February 26, 2014 at 1:32 pm
It depends.....mostly on the level of tracking data that you want to keep. If you are storing something minor, then it is probably not an issue to keep it in the table. Just make sure you document and stay consistent on which record has the change info. Normally, I would put it in the new record and try not to touch the old record.
We have systems where they want to search for which column changed, so we have a second table to store the changed data in column/value format. It may seem redundant, but it makes the searches run fast.
I have seen approaches where the keep the change data in XML format. Any design that would use blob data should use a separate table.
February 26, 2014 at 9:33 pm
Lempster (1/29/2014)
If I want to populate a ReasonForChange column in a dimension table for Type 2 changes, is it best practice to populate that column in the new row (the one with an EndDate of 9999-12-31 and IsCurrent = 'Y') or the old row (with EndDate = the date the attribute changed and IsCurrent = 'N')?Or both perhaps?
I'm fine with writing the code to identify the ReasonForChange, just not sure where to write the value.
Thanks
Lempster
You don't need the pain of maintaining an "IsCurrent" column for Type 2 SCDs. If you have both a start and end date per TYPE 2 SCDs, the dates are good enough to tell you what is current especially since you were smart enough to NOT use a NULL end date. I'll also recommend that you don't actually use 9999-12-31 as an end date. Instead, use 9999-12-30 or even just '9999' (which will auto-magically convert to 9999-01-01) so you have at least 1 day of "headroom" for certain range calculations.
--Jeff Moden
Change is inevitable... Change for the better is not.
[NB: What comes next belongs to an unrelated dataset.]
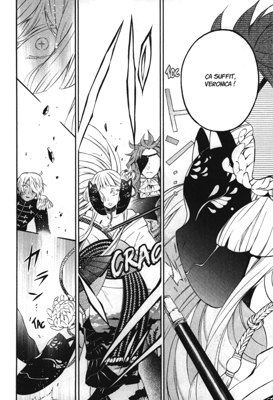 Mais, au même moment, les Charlatans décident de passer à l’action : une étrange mélodie fait perdre la tête à certains invités, qui s’en prennent subitement à leurs pairs ! Dans la confusion générale, Vanitas et Noé tentent d’utiliser le grimoire... avant d’être interrompus par Bestia, une femme au service de la reine, bien décidée à se débarrasser du jeune humain !
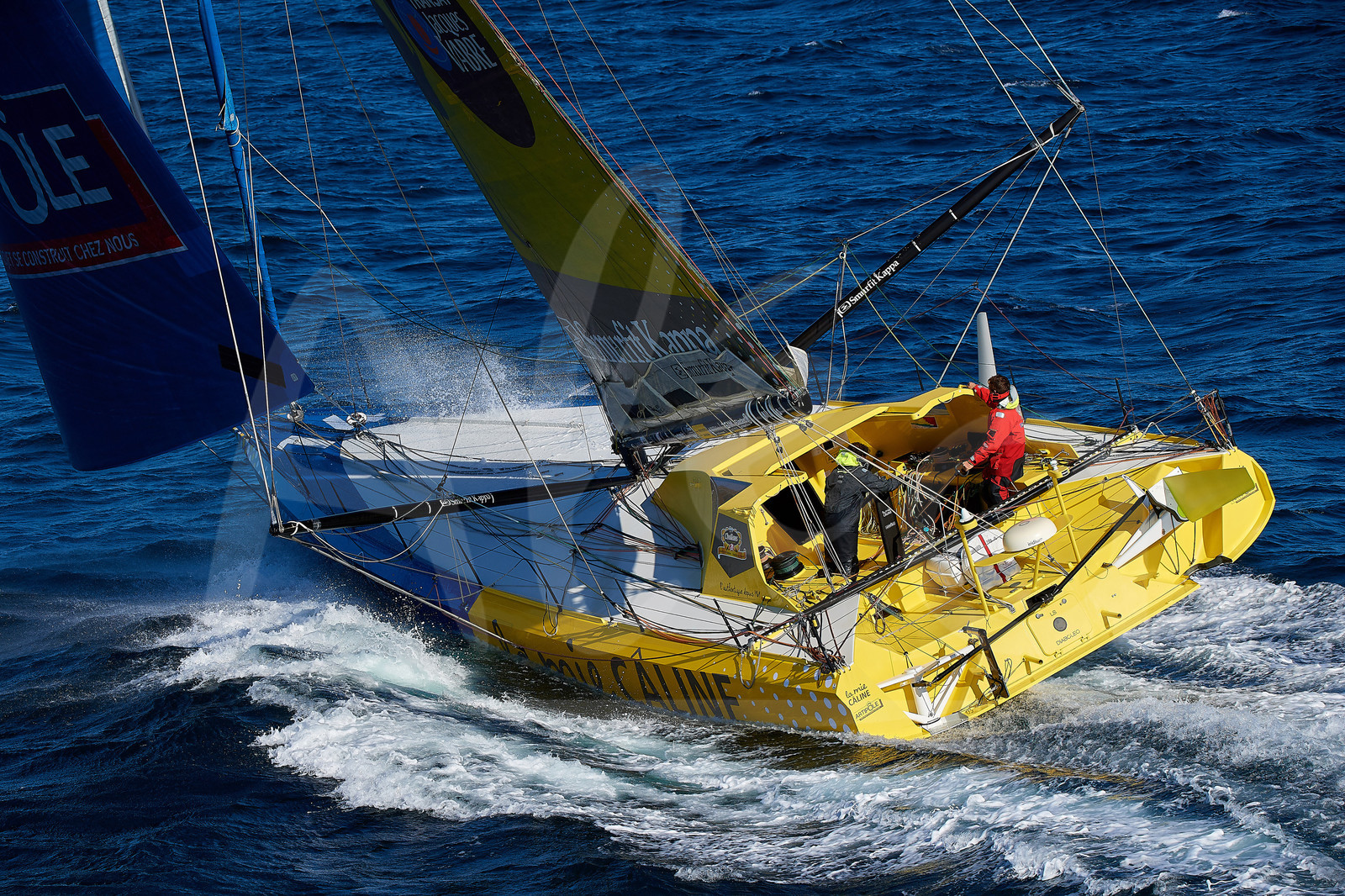 | Description | OFF LORIENT, FRANCE - SEPTEMBER 19: French skippers Arnaud Boissieres and Xavier Macaire are training on the Imoca La Mie Caline - Artipole, prior to the Transat Jacques Vabre, sailing race in duo from Le Havre to Bahia, on September 19, 2019 off Lorient, France. (Photo by Yvan Zedda/Alea) |

February 27, 2014 at 2:14 am
Thanks for the replies folks. As JustMarie and EricEyster made opposing arguments, I guess the most important point is to be consistent!
Jeff, I don't see it as much of a pain to maintain a IsCurrent flag; I agree that it could be seen as superfluous, but I'm just following Kimball best practice which states:
...the current-flag provides a rapid way to isolate exactly the set of dimension members that is in effect at the moment of the query.
So it's for ease of querying more than anything else. Thanls for the tip about the EndDate value though - I think I can afford to lose most of the year 9999 :-). (Although thinking in that vein lead to the Y2K problem didn't it? ;-))
February 27, 2014 at 5:41 am
Lempster (2/27/2014)
Thanks for the replies folks. As JustMarie and EricEyster made opposing arguments, I guess the most important point is to be consistent!Jeff, I don't see it as much of a pain to maintain a IsCurrent flag; I agree that it could be seen as superfluous, but I'm just following Kimball best practice which states:
...the current-flag provides a rapid way to isolate exactly the set of dimension members that is in effect at the moment of the query.
So it's for ease of querying more than anything else. Thanls for the tip about the EndDate value though - I think I can afford to lose most of the year 9999 :-). (Although thinking in that vein lead to the Y2K problem didn't it? ;-))
As long as you are consistent on assigning the end of time value, that becomes your isCurrent flag.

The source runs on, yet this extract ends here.